Leaving luck out of the equation

C70 reviews fluke 1

NON-FICTION
Fluke: The Maths and Myths of Coincidence
by Joseph Mazur
Basic Books, NY (2016)
RRP $29.99

Joseph Mazur introduces Fluke with two childhood stories about accidents: one that blighted the life of his uncle and another that left Joseph himself blind in one eye when he was only 12. Young Mazur tormented himself with questions about chance, the most poignant being: “What if I hadn’t stopped to look around?” The answer is all too clear: the stone would not have hit his eye. This is a hallmark of Mazur’s writing: the human touch in a book about mathematics. In Fluke, he sets out to mathematically disentangle such coincidences from our all-too-human notions of fate and destiny. I say “too human” because we all love a happy coincidence story: as Mazur puts it, “in this enigmatic galaxy, [such stories] validate our longing for individuality”. This is another Mazur hallmark: discursive forays into psychology, physics, philosophy, and history.

Indeed, he is careful not to let the mathematics of chance rob us of any meaning we may ascribe to our own coincidence stories, and introduces Carl Jung’s famous “synchronicity” concept: that coincidental events can be “meaningfully related in significance, but not causally connected”. In other words, magic can happen for us on a psychological level, but we don’t have to suspend the laws of physics or probability. Many seemingly impossible coincidences turn out to be fairly likely: it is their timing that is key, and the fact that we happened to notice them. Meanwhile, myriad coincidences occur without us noticing: in the mathematics of chance, the number of “failures” must be counted, as well as the amazing “successes” (to use the language of the binomial distribution, a cornerstone of Mazur’s 70 pages of mathematical explanations for the general reader).

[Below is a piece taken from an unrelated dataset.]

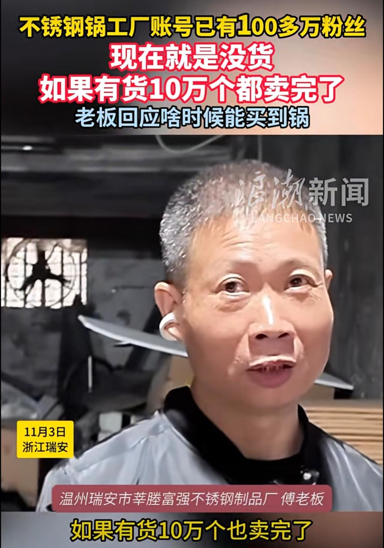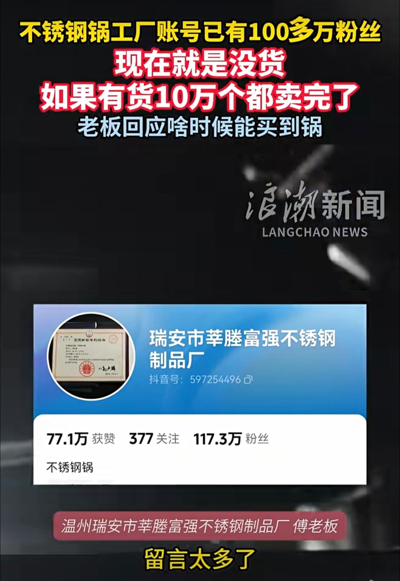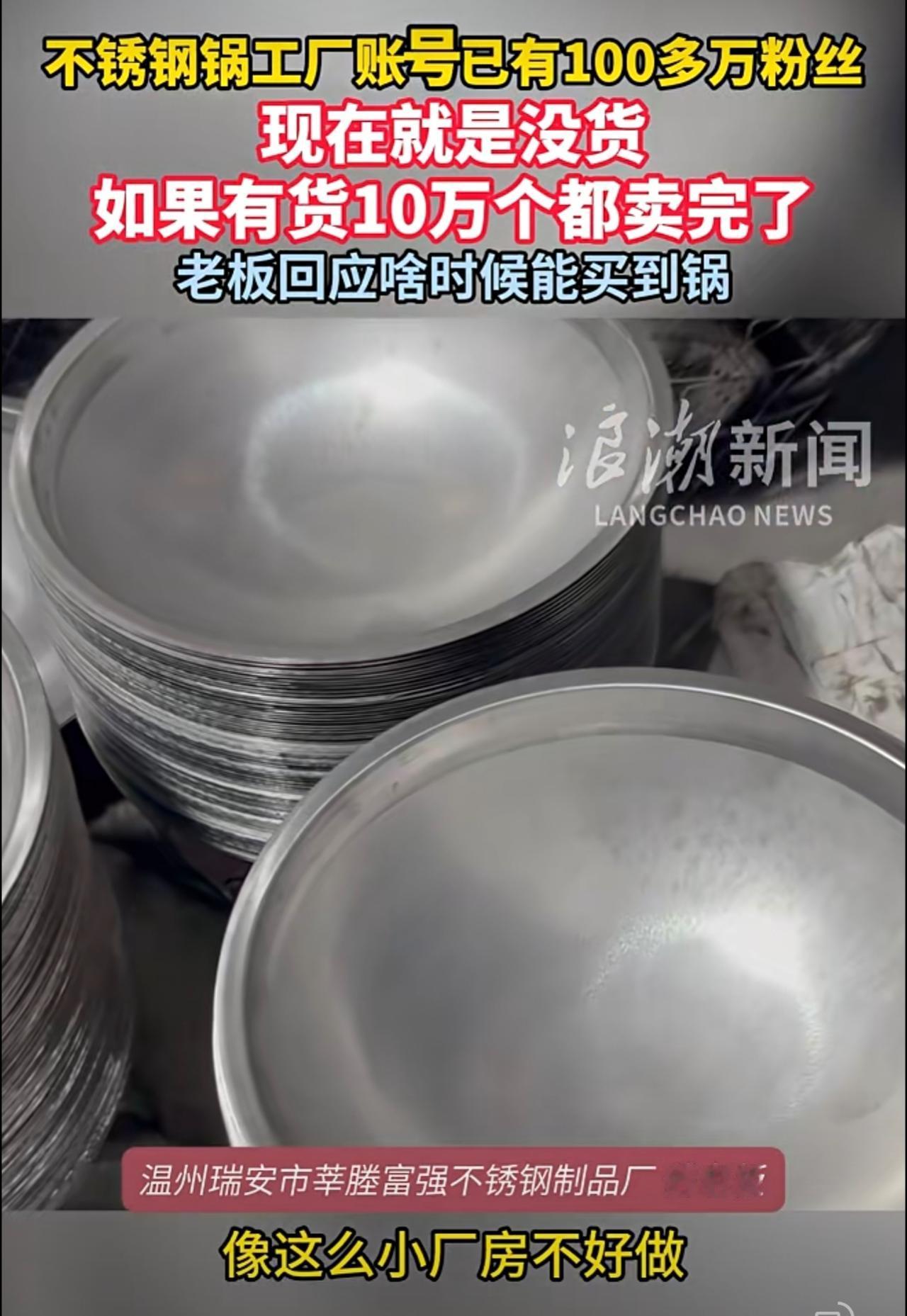 瑞安不锈钢锅工厂账号已有100多万粉丝。老板:现在就是没货,如果有货10万个都卖完了。

Mazur stresses that it is the numerical vastness of the world – 7 billion people, and “gazillions” more atoms – that makes probability theory work. It is astonishing that we can estimate the likelihood of seemingly random events whose chains of causality and multitudes of hidden variables we can never know. Yet mathematics enables us to skip straight to the big picture, thanks to the weak law of large numbers. Mazur explains that by choosing a large enough sample, the actual probability of an event will be approximately the same as its mathematical probability. In other words, “If there is any likelihood that something could happen, no matter how small, it’s bound to happen sometime.”

If there is any likelihood something could happen, no matter how small, it’s bound to happen sometime.

Of course, nothing is certain in the real world. Mathematics tells us what is probable, but it does not predict our own individual futures. Rather, it teaches us not to resort to magical explanations of seemingly miraculous happenings: multiple lottery wins and chance meetings are far more likely than they seem when viewed only from a personal or local perspective. Mazur illustrates this by telling 10 true coincidence stories early in the book, and then revisiting them after the mathematical tools are in place. This later section uses numerical guesstimates to relate real events to the chances of, say, getting a royal flush in a poker hand.

The final section is a group of essays that broaden the discussion. In showing that there is a tiny chance that random combinations produce the same DNA pattern for two unrelated people, and in outlining problems of contamination and interpretation, Mazur offers a passionate plea for the scientific education of jurors, and a challenge to the logic of the death penalty. In other essays, he highlights the riskiness of globalisation in light of the coincidences that helped bring on the Global Financial Crisis; Wilhelm Röntgen’s serendipitous discovery of X-rays; cerebral magnetic fields, and the role of chance in telepathy “experiments”; and the psychological importance of chance meetings in fairy-tales.

All in all, Mazur writes in a chatty and accessible way, putting maths at the centre of an entertaining and informative read.